Ford DID make a 5.7. Before the latest V8's; 4.6 & 5.4, there were the 5.0 and 5.7. Ever heard of a 351W or 351C????


----------



## BAREIN (Dec 26, 2007)

The Ford 351 has been reffered to 5.8 liter not 5.7


----------



## cleveman (Dec 28, 2007)

'88 F250 had forever-16 mpg.

Heater sucks.

Best cure for bad heater is a southern climate.

Next best is a radiator cover.

Loaded with trailer-towing 10 ton-13 mpg.

Don't listen to morons talking about fuel costs-diesel has more ENERGY, therefore it costs 10% more to get 20% more btu's.

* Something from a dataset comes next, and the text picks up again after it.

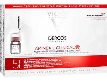 VICHY Dercos Aminexil Clinical 5 - Mulher é um cuidado antiqueda multiativo intensivo, para mulheres com queda de cabelo. Uma fórmula concebida para atuar nas 5 causas de queda de cabelo, com: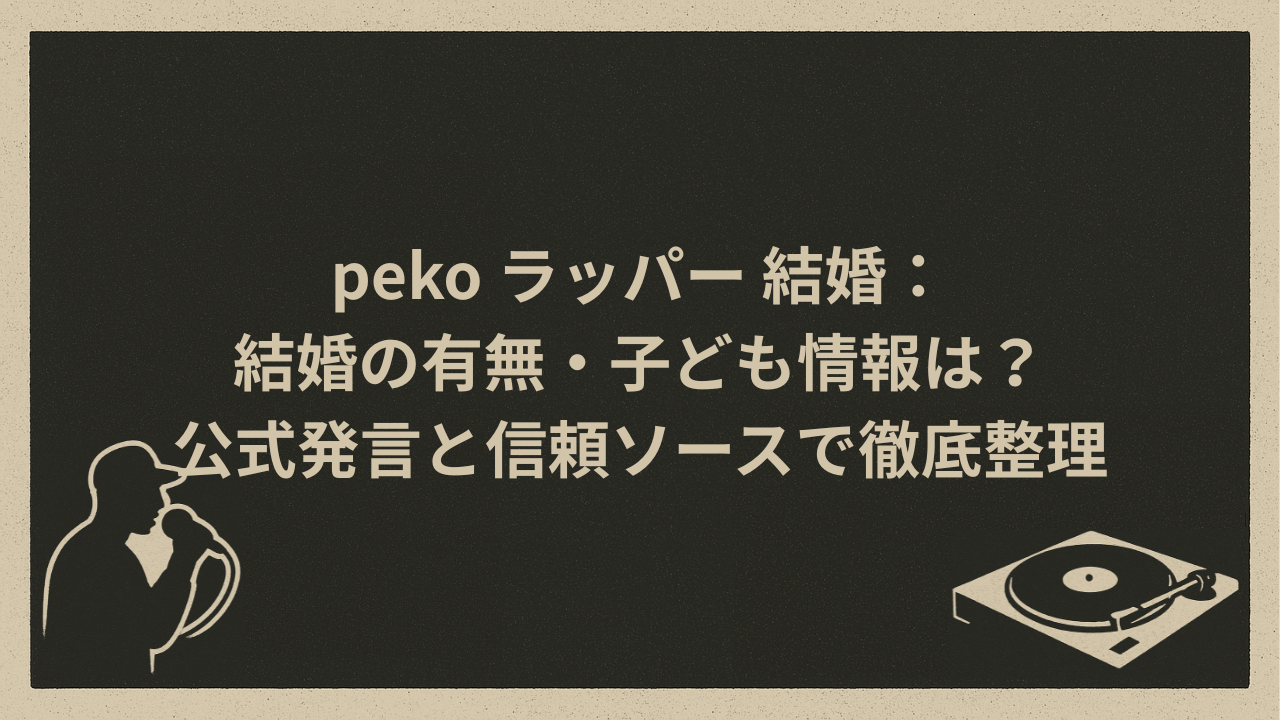 「peko ラッパー 結婚」は、プロフィール系の記事で“既婚で子どもがいる”と紹介されることが多いと言われています。具体的には、pekoが家族についてYouTubeやラジオで触れる場面がある、と要約されることが多いです。読者「ほんとに?」/筆者「一次発言の書き起こし全網羅は難しいものの、プロフィール解説でその旨が整理されています。」

Good deal.


----------



## angus242 (Oct 20, 2007)

BAREIN said:


> The Ford 351 has been referred to 5.8 liter not 5.7


ABSOLUTELY!!!!!! My bad.....
It's never what I say and ALWAYS what I mean.

5.7 was the GM 350. Geez, and to think I worked for Ford for 12 years


----------



## Joasis (Mar 28, 2006)

angus242 said:


> Ford DID make a 5.7. Before the latest V8's; 4.6 & 5.4, there were the 5.0 and 5.7. Ever heard of a 351W or 351C????


I had a F150 with a 351 MC, the next variation of the Cleveland motor....that was 1977. That truck had 70k miles and had to get an overhaul.....burned oil, 10 MPG....I drove the Dodge that replaced it for nearly 200k, and never had any major repairs. 

Until I bought the Duramax I drive now, I had been a loyal Dodge fan.....it would take a lot to get me to switch now...my diesel gets an average of 16, loaded or empty, pulls like a fiend, and rides nice....what more could a guy want?


----------